Доктор подошел к нему вплотную и сказал, обдавая его дымом:

-- Входи, входи, приятель Лунный Свет, \\ С тобой фонарь, где ж терн, а где собака? \\ Не зря я снял с луны нагар, ты светел. \\ Прощайте, как меня разобрало! \\ Пунш был бурда. Хозяин, доброй ночи. \\ Ну, Эвсон, мой Пилад, спокойной ночи!..

Эвсон разразился проклятиями, уверял, что тот, кто решится теперь отправиться домой, непременно сломает себе шею, но на это никто не обратил внимания; слуга подхватил доктора под одну руку, чиновника, все еще причитавшего по поводу безвременной гибели отважного принца, -- под другую, и все трое побрели по улице к дому, где помещались власти всей округи. Сумасбродного Эвсона мы с трудом водворили в его номер, но он еще долго предавался неистовой игре на флейте, так что я всю ночь глаз не сомкнул и, только подремав дорогой в своем экипаже, пришел в себя после безумной ночи в деревенской гостинице".

Рассказ лейб-медика часто прерывался смехом, более громким, чем это принято в придворном кругу. И, кажется, он весьма позабавил герцога.
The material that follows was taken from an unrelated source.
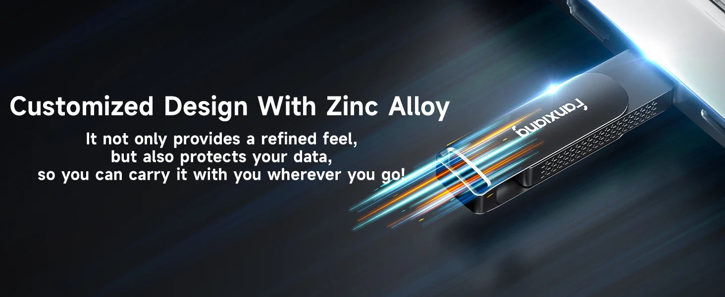 Unidad pulmonar Fanxiang F951 diseñada con interfaz tipo c y USB A para revolucionar su experiencia de almacenamiento y transferencia de datos.Esta unidad flash puede transferir cómodamente películas, archivos y datos entre diferentes dispositivos, ya sean PC, Mac, teléfonos o tabletas.Nuestro impulsor de 1 TB es la solución definitiva para liberar espacio y transferir datos: una unidad lo hace todo

-- Одну фигуру, -- заметил он, обращаясь к рассказчику, -вы уж слишком отодвинули на задний план, а именно себя самого; готов держать пари, что ваш порой довольно едкий юмор нередко подбивал чудаковатого Эвсона и напыщенного доктора на всякие сумасбродства и что в действительности вы и были тем подстрекающим началом, олицетворением которого сделали плаксивого старшину.

-- Смею вас уверить, ваше высочество, этот клуб редкостных чудаков представлял собой такое законченное целое, что любой человек со стороны был бы диссонансом. Если продолжить музыкальное сравнение, то эти трое составляли трезвучие из различных, но сливавшихся в гармонию тонов, а трактирщик присоединялся к этому аккорду как септима.

Разговор продолжался еще некоторое время в таком роде, но, наконец, герцогская чета по обыкновению удалилась в свои апартаменты, а публика разошлась по домам в самом приятном расположении духа.

Весело и беззаботно жил я в этом новом для меня мире. И чем более осваивался я со спокойной, уютной жизнью столицы и двора, чем охотнее расчищали передо мною место, которое я с честью утверждал за собой при всеобщем одобрении, тем реже вспоминал я прошлое и думал о возможной перемене в моем теперешнем положении. Герцог, очевидно, относился ко мне с особым расположением, и, судя по некоторым вскользь брошенным намекам, он хотел бы тем или иным способом навсегда удержать меня возле своей особы. Сознаюсь, известнее однообразие и шаблон, которые господствовали здесь в научных и художественных занятиях и интересах, распространяясь от двора на всю резиденцию, могли показаться нестерпимыми человеку одаренному и привыкшему к безусловной духовной свободе; но, когда монотонность придворной жизни и ограниченность интересов слишком уж меня угнетали, на помощь мне приходила давняя привычка к соблюдению определенных форм, умение подчинять внешнее поведение дисциплине. На меня все еще оказывала воздействие, правда неприметно, жизнь в монастыре.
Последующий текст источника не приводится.